Duct Tape Dynasty (Restoration) NashvilleMomsBlog

{To honor Father’s Day, we are handing over our computers to the men in our lives and turning this little piece of the world wide web into Nashville Dads Blog!  Read along with their joys and struggles, and find out why we are so very thankful to have these awesome dads in our lives.}

Growing up spending a considerable amount of time with my grandfathers, I learned early on the value of being able to fix things. My Papa Wicks and Grandaddy Williams had both been young men during the Great Depression, and it was those hard times in the South that taught them to get the most out of what little they could afford by knowing how to maintain it or repair it. The old men I knew and loved were still as tight with a dollar as they were in the 1930s—but by the 1980s they could fix everything from a broken rod and reel to a blown Chevy smallblock headgasket with a roll of duct tape, a soldering iron, some 2-in-1 oil, bailing wire, and a jelly jar full of washers and bolts. Somewhere in there, they managed to teach me the basics of carpentry, mechanics, plumbing, wiring, furniture refinishing, painting, and distilling moonshine.
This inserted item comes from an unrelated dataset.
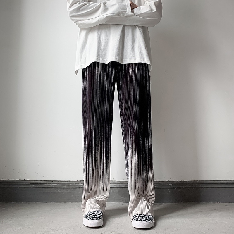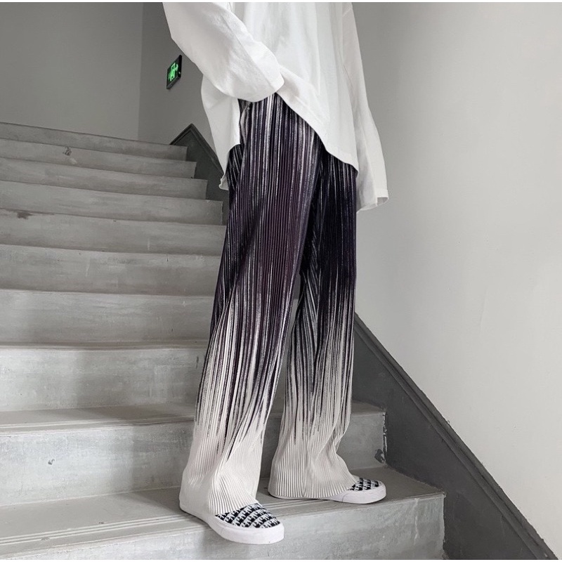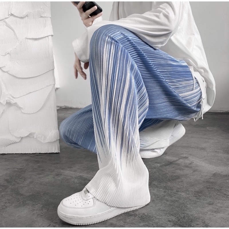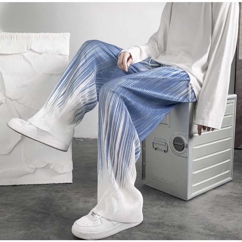 พร้อมส่ง กางเกงอัดพลีท ลายคลื่นสีดำ/ฟ้า ทรงกระบอกใหญ่ ผ้ายืดได้ ใส่สบายไม่ร้อน ทรงสวย สไตล์เกาหลี ผ้าพริ้วทิ้งตัว P039

(OK, I made up that last bit. I doubt either of them ever touched a drop of moonshine—but they could’ve repaired a still if called upon to do so. I’m certain of it!)

In the postmodern era of disposable everything, it’s easy to let your kids fall into the pervasive philosophy of “Item is Purchased, Item Works for a Short Time, Item Breaks, Item is Trashed, New Item is Purchased” like it’s the God-ordained, red-blooded patriot’s way of life. Buy that one, and it’s only a matter of time before you decide the WWE is non-scripted, and Fox News is fair and balanced.
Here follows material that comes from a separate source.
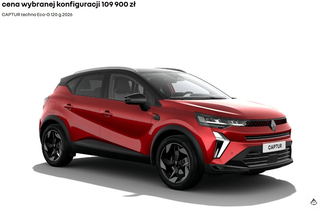 Żeby pozostać w koncernie Renault, jako drugi niech będzie Captur z silnikiem Eco-G 120 z fabryczną instalacją LPG, w drugiej w kolejności wersji wyposażenia Techno. Znajdziemy w niej m.in. klimatyzację automatyczną, 18-calowe aluminiowe felgi, przyciemniane szyby, czy skórzaną kierownicę. Dobrałem jeszcze czarny dach, relingi dachowe i ładowarkę indukcyjną, a i tak wyszło mniej niż za rower.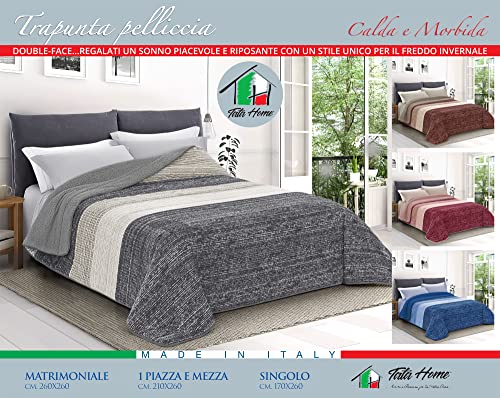 Tata Home Trapunta Coperta Piumone Invernale Caldissimo imbottito 570 gr/mq in Pile Vellutato 3D e Agnellato Sherpa Letto Singolo 1 Piazza 170x260 cm Made in Italy Colore Blu Azzurro

Gabe and William fixing Cars

I may be losing the battle, but I’m trying hard to teach our kids a different ideal. We frequently tell our boys, “In this family, we don’t throw things away—we fix them.” It’s an ethic, and every bit as important as good manners, politeness, generosity, and being able to burp out at least most of the alphabet after a lukewarm coke. (Don’t tell Meg I’m teaching them that…)
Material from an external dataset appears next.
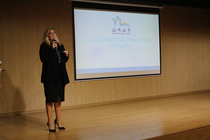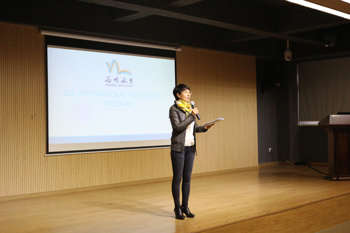 紧接着,Elaine女士向在场的家长和学生表示:每个在美国高中学习的学生都会被分配到一位驻美中方教师,负责关心他们的日常生活,让孩子们即使人在异乡,也能感觉到家的温暖。而为明学习中心作为中国唯一一家能在美国建立全员配备、双语、双文化的学习中心,则提供了对孩子在学术方面的支持,保证孩子不仅在生活上,还是学习上,都能保持愉悦的态度。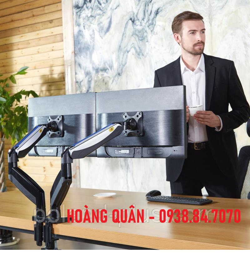 - Bạn hoàn toàn có thể treo cùng lúc 2 màn hình lên giá treo NB F185A từ 22inch đến 27inch cùng 1 lúc để tạo thuận lời cho công việc của bạn thì nó còn có thể xoay được rất nhiều tư thế để bạn có 1 vị trí tốt nhất để có thể ngồi thoải mái nhất có thể.

In our home, this ends up manifesting itself in both big and small ways. On the more significant side, the kids see us working on old houses—the one we are currently restoring, as well as old family properties and friend’s houses. William (the oldest) has helped with demo work, concrete, carpentry, and painting. Thomas, our younger boy, has already had a paintbrush in his hand as a toddler. We also have a classic car and an old Jeep in the driveway, and the boys have helped numerous times on basic maintenance projects. On the other end of the spectrum, there are toys in the Wicks Brothers Menagerie that have been glued, soldered, repainted, and (alas) even duct taped.

Gabe and Thomas Painting

Now, please don’t misunderstand—I’m not advocating being an extremist. The last time a hot water heater exploded in our basement, I didn’t break out the MIG welder and start tacking on new sheet metal. However, I did call up a friend to help me install a new one. (He did the wiring while I handled the plumbing.) Fortunately, our kids weren’t there for that—because along with some wrench skills, they also might’ve picked up a few choice expressions I try to only use on rare occasions when I’m stuck watching Fox News.

So where does it all lead? Do our boys ultimately end up as moonshiners living in custom-fabricated trailers down by the river, driving tricked-out Trans Ams with Bocephus stickers on the rear windows, just above Calvin taking a leak on some poor NASCAR driver’s number? A father can only dream…but I do hope that, if nothing else, we’ve managed to instill in them a basic impulse to try their hand at fixing things first and throwing away only when necessary.